Il popolo No Pass in ritirata. Soliti slogan e piazze vuote

Dopo gli 8 arresti tra i "Guerrieri", si rivela un mezzo flop la protesta organizzata su Telegram in 120 città

Il popolo No Pass in ritirata. Soliti slogan e piazze vuote

Roma. I negazionisti del Covid scendono in piazza. Il «popolo» del No Green Pass ha sfilato, ieri pomeriggio, in 120 città italiane. Queste, almeno, le intenzioni degli organizzatori, Forza Nuova in testa, sostenuti dagli oltre 42mila iscritti al canale Telegram «Basta Dittatura!». Dopo la minaccia del blocco dei treni alle stazioni, altro flop dei no vax. Sarà stato anche l'effetto dell'inchiesta della Procura di Milano e degli otto arresti avvenuti in settimana fra i «Guerrieri» armati pronti a compiere attentati. Di fatto la prima delle manifestazioni pianificate per il sabato in tutt'Italia non è andata come avrebbero voluto i più convinti.

A Treviso, tanto per fare un esempio, la piazza era deserta, complice, secondo i «guerrieri», di un cambio di programma dell'ultim'ora. «È una vergogna. Hanno spostato la piazza e qui non c'è nessuno» postano sui social. A Roma c'è persino chi, alle prime gocce di pioggia, ha pensato bene di fare una «scappata» nella vicina via del Corso per lo shopping del sabato pomeriggio. Tant'è.

Intanto qualcuno posta sul social russo, sempre su uno dei gruppi «Basta Dittatura!» il prezzo da pagare per non vaccinarsi contro il Covid19 e ottenere, comunque, il Green Pass: 150 euro «da versarsi solo ed esclusivamente in BitCoin», per info @matteoo0021 si legge. Non mancano le minacce dei «leoni da tastiera»: Speranza è l'ultimo a morire», scrive un fantomatico Prozac.

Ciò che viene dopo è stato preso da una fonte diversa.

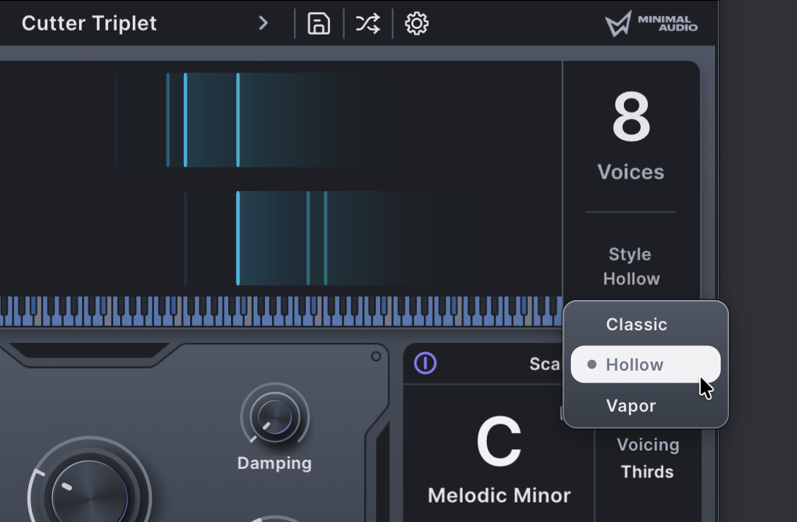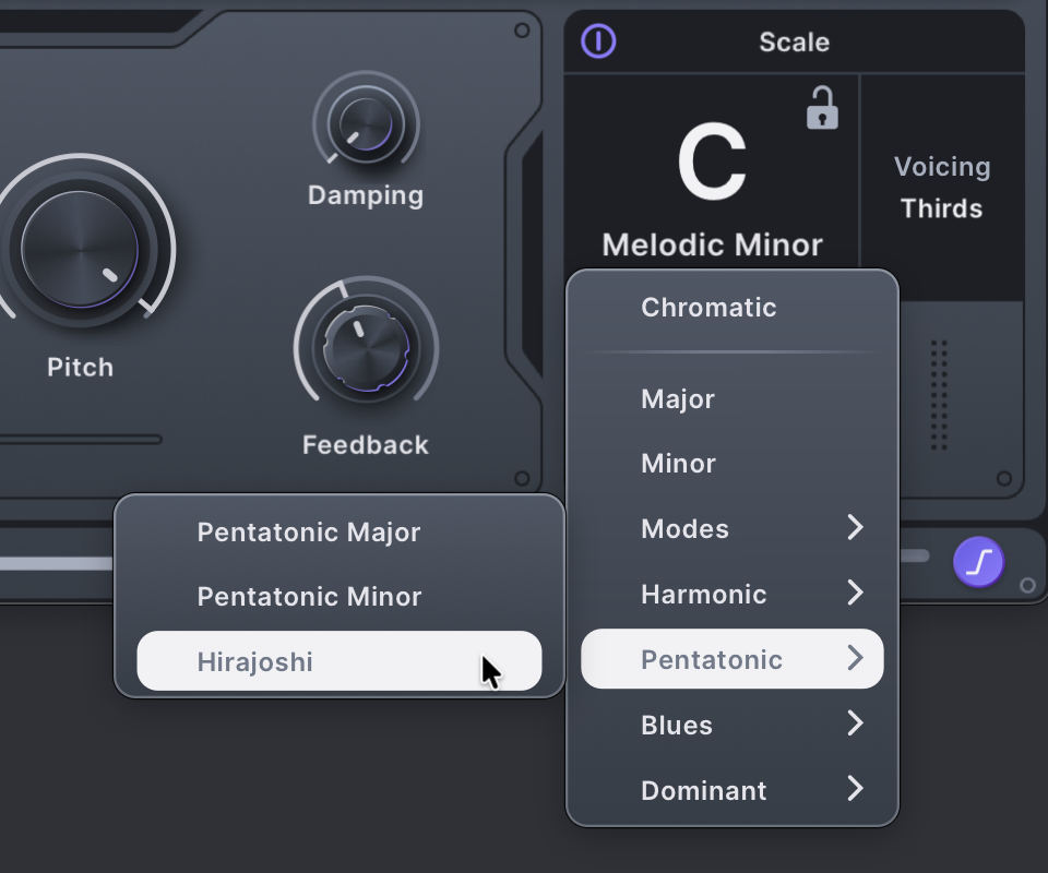 You also get this handy voicing menu. Don’t worry about your theory knowledge here — I have plenty of theory training and I just experimented. These don’t have to presume particularly harmonic music, either; they work well across modal and experimental sounds, too.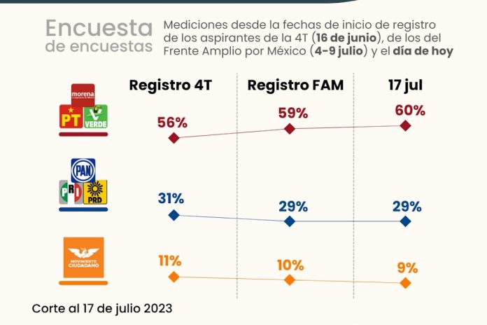 Ciudad Juárez, Chih. (ADN/Staff) – Las últimas tendencias políticas en México están mostrando un patrón interesante, de acuerdo con la Encuesta de Encuestas realizada recientemente por polls.mx Desde el inicio del registro de candidatos tanto de la 4T (Morena-PT-PVEM) como del ‘Frente Amplio por México’ (FAM), los morenistas y sus aliados han logrado un crecimiento significativo en las intenciones de voto, aumentando su popularidad agregada en cuatro puntos porcentuales.

Momenti di tensione a Torino, calma piatta, dunque, a Roma, agitati ma non troppo a Milano. Nel capoluogo lombardo il numero più alto dei contestatori, cinquemila secondo fonti ufficiali, radunati in piazza Fontana e in piazza Duomo, da dove hanno sfilato fino alla Scala e per le vie del centro. «Non siamo terroristi», «Il lavoro non si tocca», «Giù le mani dai bambini», «Milano non si piega» gli slogan più gettonati. Tra i presenti il senatore Gianluigi Paragone, candidato sindaco nel capoluogo meneghino con Italexit. «È la prima volta che vengo a Milano ma la fame di diritti è la stessa di altre città. Oggi è l'11 settembre e quelle libertà sono minacciate dall'ipocrisia sul green pass» sostiene. Non mancano cori da stadio, sempre a Milano, con «giornalista terrorista» in testa, coniato paradossalmente dal leader di Forza Nuova Giuliano Castellino, sorvegliato speciale, indagato e processato per aggressione (proprio a giornalisti), droga e truffa (al Ministero della Sanità).

Sorvegliati a vista da agenti in tenuta antisommossa, poliziotti del reparto mobile della polizia, pronti ad affrontare, manganello e scudo protettivo alla mano, ogni tentativo di «uscire» dal corteo dei più scalmanati. Slogan e striscioni contro i politici. E se a Milano sono presi di mira il sindaco Sala e il premier, «Draghi Draghi vaff», a Torino se la prendono con Giuseppe Conte, «Conte Traditore, Torino Non Ti Vuole» si legge sullo striscione che apre il corteo.

Conte, del resto, se l'è cercata direbbe qualcuno, visto che mentre partiva la manifestazione l'ex presidente del Consiglio era al Mercato centrale accompagnato dalla candidata sindaca M5S Valentina Sganga, dall'attuale sindaco Chiara Appendino e dall'ex ministro dell'Istruzione Lucia Azzolina.

Sempre a Torino tensione al corteo mentre i manifestanti sfilano su via Po. Qui un gruppo di alcune centinaia di persone, forse un migliaio, sfonda il cordone della polizia per deviare su via Accademia delle Scienze. Calci e spintoni agli agenti che non sono riusciti a contenere la folla inferocita. Fortunatamente, evitando cariche, le forze dell'ordine riportano il gruppo alla calma all'ingresso di piazza Carlo Alberto, dove si schierano i blindati pronti a disperdere i più agitati. Altri minuti di tensione e il corteo riparte per via Po, passando davanti a Palazzo Nuovo, storica sede delle facoltà umanistiche dell'Università, per dirigersi su corso San Maurizio.

Proteste messe in atto il giorno in cui anche la Chiesa, per bocca del cardinale Pietro Parolin, fa sentire la sua voce condannando qualsiasi forma di azione violenta e ribadendo che vaccinarsi «è un atto di responsabilità».